→ **What is expected**: The listing below should be reproduced exactly, with the pictures omitted.

→ **Provided material**:
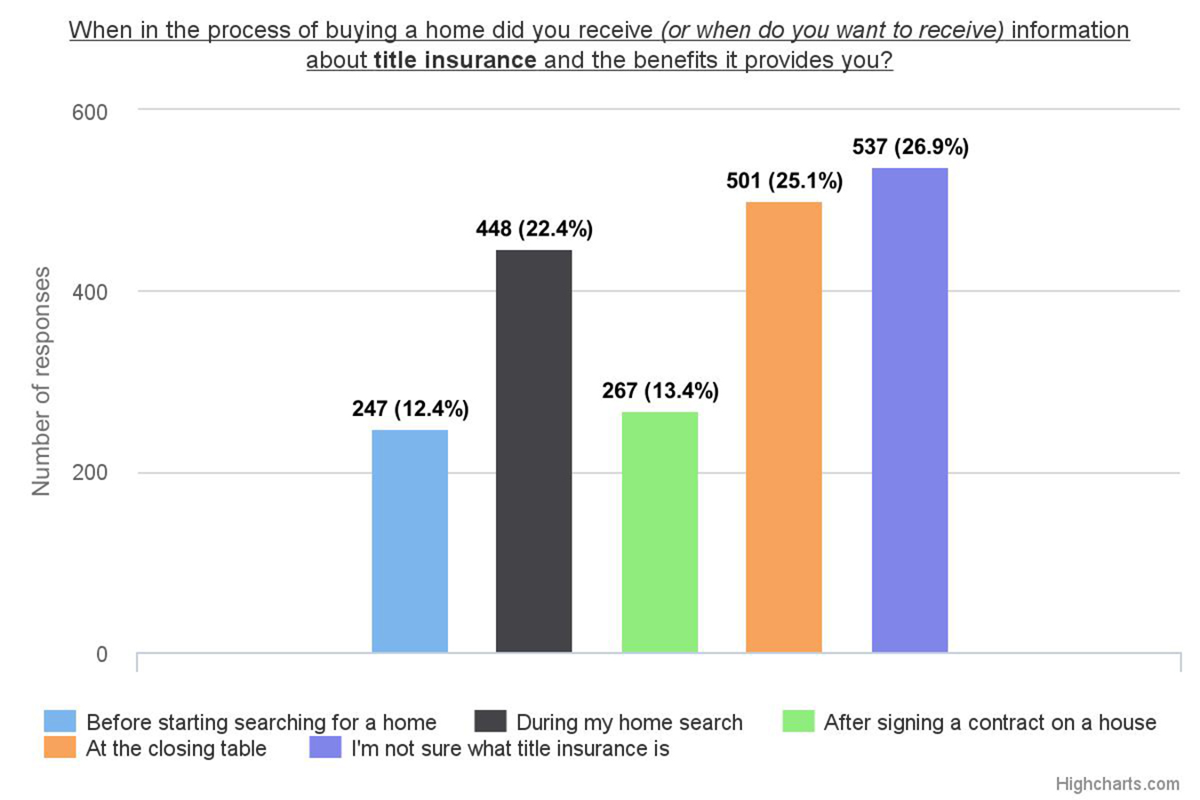 Additionally, survey results reinforced the continued need to educate consumers about the benefits of title insurance earlier in the transaction. More than half of those surveyed indicated they either received information about title insurance at the closing table or didn’t know about the product.
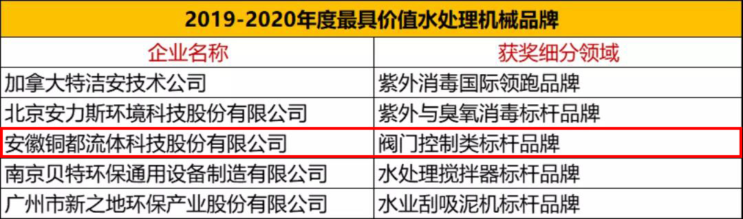 銅都流體榮獲“2019-2020年度最具價(jià)值水處理機(jī)械品牌”
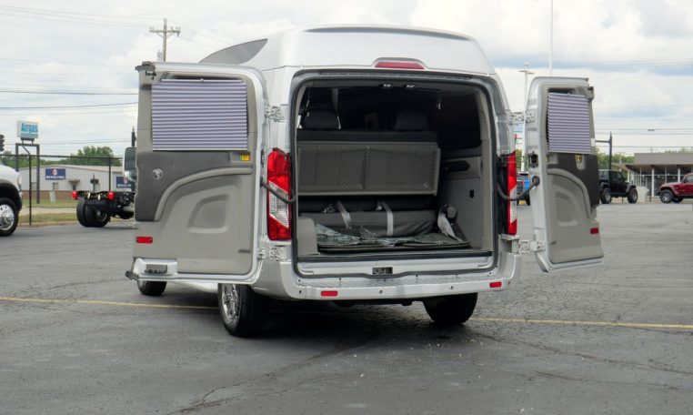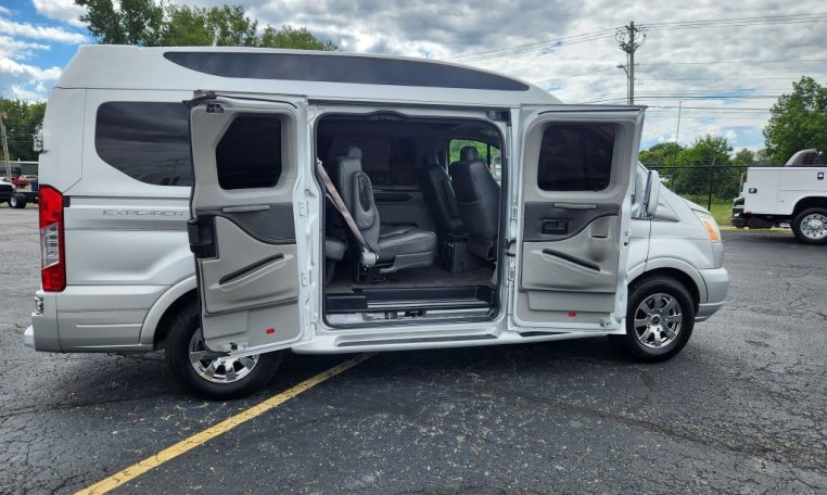 7 Passenger Explorer Vans Conversion Van! Navigation – High-Top Raised Roof w/ Glass Vista Side Windows – Painted Running Boards – Premium Leather Seating – Power/Heated Front Captain Chairs – Swivel/Quick-Release 2nd Row Captain Chairs – Power 3-Section Sofa/Bed – 29-Inch HDTV – Blu-ray/DVD Player – Surround Sound Speakers – Rear 120V AC Power Outlet – Remote HDMI Input – USB Charge Ports – Power/Heated Mirrors – Lane Keep Assist – Rain-Sensing Wipers – Rear Parking Camera/Sensors – Touchscreen Radio Display – Bluetooth For Phone – Front/Rear Climate Control – Center Console – Rear Indirect Accent Lighting – Reading Lights – Rear Window Shades – Wood Grain Interior Trim – Leather-Wrapped Steering Wheel – 16-Inch Chrome Wheels – Automatic Headlamps – AND MORE! Visit WWW.SHERRYVANS.COM to see more pictures and a detailed HD video of this custom Ingot Silver Metallic 2017 Ford Transit T-150 130WB Luxury Passenger Van for sale in Piqua, Ohio. Do you know that we offer competitive financing options and can assist with delivery? These are only some of the ways Paul Sherry goes above and beyond! *See Dealer To Confirm Specific Equipment*

→ **Result of the exercise**:
 Additionally, survey results reinforced the continued need to educate consumers about the benefits of title insurance earlier in the transaction. More than half of those surveyed indicated they either received information about title insurance at the closing table or didn’t know about the product.
 銅都流體榮獲“2019-2020年度最具價(jià)值水處理機(jī)械品牌”
 7 Passenger Explorer Vans Conversion Van! Navigation – High-Top Raised Roof w/ Glass Vista Side Windows – Painted Running Boards – Premium Leather Seating – Power/Heated Front Captain Chairs – Swivel/Quick-Release 2nd Row Captain Chairs – Power 3-Section Sofa/Bed – 29-Inch HDTV – Blu-ray/DVD Player – Surround Sound Speakers – Rear 120V AC Power Outlet – Remote HDMI Input – USB Charge Ports – Power/Heated Mirrors – Lane Keep Assist – Rain-Sensing Wipers – Rear Parking Camera/Sensors – Touchscreen Radio Display – Bluetooth For Phone – Front/Rear Climate Control – Center Console – Rear Indirect Accent Lighting – Reading Lights – Rear Window Shades – Wood Grain Interior Trim – Leather-Wrapped Steering Wheel – 16-Inch Chrome Wheels – Automatic Headlamps – AND MORE! Visit WWW.SHERRYVANS.COM to see more pictures and a detailed HD video of this custom Ingot Silver Metallic 2017 Ford Transit T-150 130WB Luxury Passenger Van for sale in Piqua, Ohio. Do you know that we offer competitive financing options and can assist with delivery? These are only some of the ways Paul Sherry goes above and beyond! *See Dealer To Confirm Specific Equipment*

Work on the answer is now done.